10  Spectral libraries

In environmental analysis, NIST MS library is widely used to match a spectrum to a list of standard spectra. However, a major drawback of the NIST MS Search is that now all chemicals are included and all spectral ions are at unit mass (for EI spectra library, also called mainlib)

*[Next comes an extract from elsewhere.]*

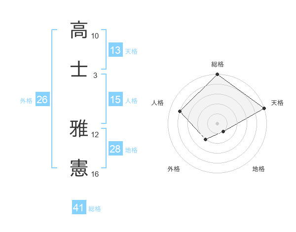 高士 雅憲さんの天格は13画の5点!
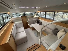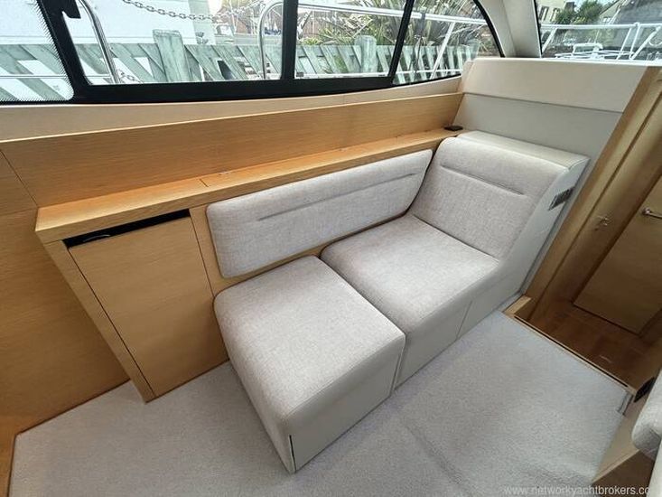 Saloon with u-shaped settee to starboard with under-seat drawers, side cupboard to port with storage under and pop-up TV, chaise lounge with separate stool and storage underneath, electric lift TV, twin roof hatches.

Below figure shows a relatively good spectral match for a standard if only nominal or even at 0.1 decimal m/z:

Spectral matching using MS-DIAL

10.1 MatchMS

https://matchms.readthedocs.io/en/latest/

10.2 IN SILICO FRAGMENTATION

There are several openly available models that have recently been published to predict the fragmentation patterns of GC-EI MS.

10.2.1 Metfrag

10.2.2 Sirius CSI FingerID


- Need to convert msp to mgf format
- If generating mgf file, then it needs to be saved as UTF-8 (UTF-8 with BOM doesnt work with Sirius)
- For GC data:
BEGIN IONS
PEPMASS=
NAME=
MOLECULARFORMULA=
CHARGE=1
ADDUCT=[M]+
MSLEVEL=2
mz “tab” intensity
END IONS

where the “tab” is tab key between the mz and intensity value pair

when using MSLEVEL=2, then isotopes of precursor ion will not be matched. IF needed then

10.2.3 CFM-ID

In silico fragmentation:
Help file: https://sourceforge.net/p/cfm-id/wiki/Home/

Use instructions:

  • If you are using EI-MS (GC-MS) data, please use the ei_ms_model provided.
  • Note that lpsolve55.dll must also be included in the same directory as the executables. This file can be found in the development version of LPSolve (e.g. lp_solve_5.5.2.0_dev_win32.zip), which can be downloaded from https://sourceforge.net/projects/lpsolve/files/lpsolve/5.5.2.5/lp_solve_5.5.2.5_dev_win32.zip/download.

Cfm-predict

COMMAND:
cfm-predict.exe <smiles_or_inchi_or_file> <prob_thresh> <param_file> <config_file> <annotate_fragments> <output_file_or_dir> <apply_postproc> <suppress_exceptions>


EXAMPLE (naphthalene):
cfm-predict.exe InChI=1S/C10H8/c1-2-6-10-8-4-3-7-9(10)5-1/h1-8H 0.001 D:/Program/cfm-id-2.4_win32/ei_nn_iso_new/param_output.log D:/Program/cfm-id-2.4_win32/ei_nn_iso_new/param_config.txt 0 D:/Program/cfm-id-2.4_win32/test/output.msp


EXAMPLE (.txt file as input):
cfm-predict.exe D:/Program/cfm-id-2.4_win32/test/input.txt 0.001 D:/Program/cfm-id-2.4_win32/ei_nn_iso_new/param_output.log D:/Program/cfm-id-2.4_win32/ei_nn_iso_new/param_config.txt 0 D:/Program/cfm-id-2.4_win32/test/output.msp




10.3 NEIMS

Help files: https://github.com/brain-research/deep-molecular-massspec




10.4 DeepEI

Help files: https://github.com/hcji/DeepEI
https://github.com/hcji/DeepEI/blob/master/Usage.ipynb




10.5 QCxMS

This program only runs on LINUX SERVER.

PREPARATION - Download the latest version of QCxMS at: https://github.com/qcxms/QCxMS/releases/
- Download the lates PlotMS version at: https://github.com/qcxms/PlotMS/releases/ and copy to the same folder as QCxMS
- Copy the .XTBPARAM folder and the .mass_raw.agr files to /home/ORUNET.ORU.SE/twg/

  1. Prepare a file with the equilibrium structure of your desired molecule. Important: This file has to be named coord (without file extension) and should have the TURBOMOLE coord format (tmol).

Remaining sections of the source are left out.